Wednesday, September 25, 2013

Wear and Tear Bears a Scare

If every student in Brien McMahon High School must exercise in order to graduate, and all athletes are students, then shouldn’t every athlete be forced to exercise to graduate? I believe yes, but only to an extent.  I believe the exercise required for the everyday athlete should come after school during practice, not in the middle of the school day.  

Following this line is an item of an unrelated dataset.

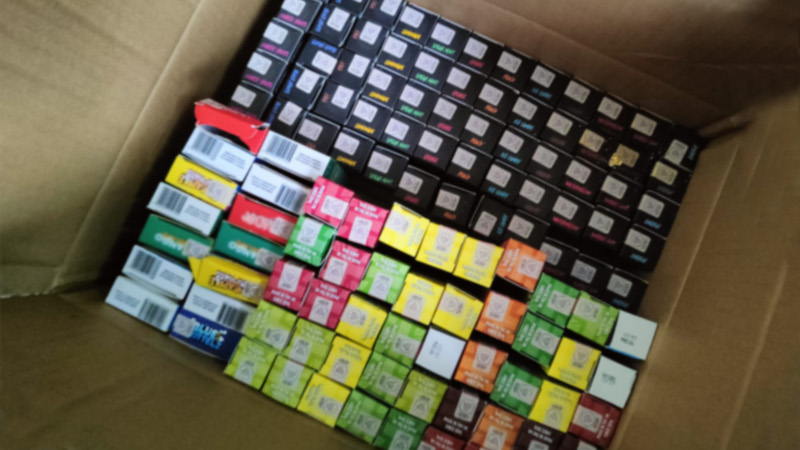 Funkcjonariusze zatrzymali mężczyznę i zabezpieczyli jednorazowe e-papierosy, papierosy i mokry tytoń do palenia (tzw. melasa) bez znaków akcyzy oraz podrobione perfumy. Dodatkowo znaleźli opakowania żelków do ssania z zawartością substancji czynnej THC.

Physical Education is proven to enlighten its students for further classes during the day.  It is thought to “wake up” many young high schoolers and jumpstart their minds for school.  I believe this is true but unnecessary for athletes.  Most athletes including myself have to stay after school several hours before reaching home and starting their homework.  As a result, many are kept up late working to complete the different tasks assigned to them.  This may not seem like a big deal but, when the next morning comes, it hits you.  Imagine waking up in an aching body.  Imagine feeling as if the joints of your body oxidized and rusted over once you woke up.  This is something we athletes become attuned to.  We get used to this to the point where being sore is an everyday, normal thing.  And realizing that you have gym today dampens the mood.  Now you have to exercise your already depleted body for no particular reason other than to waste the little energy you’ve regained last night that you could save for an upcoming test or quiz.  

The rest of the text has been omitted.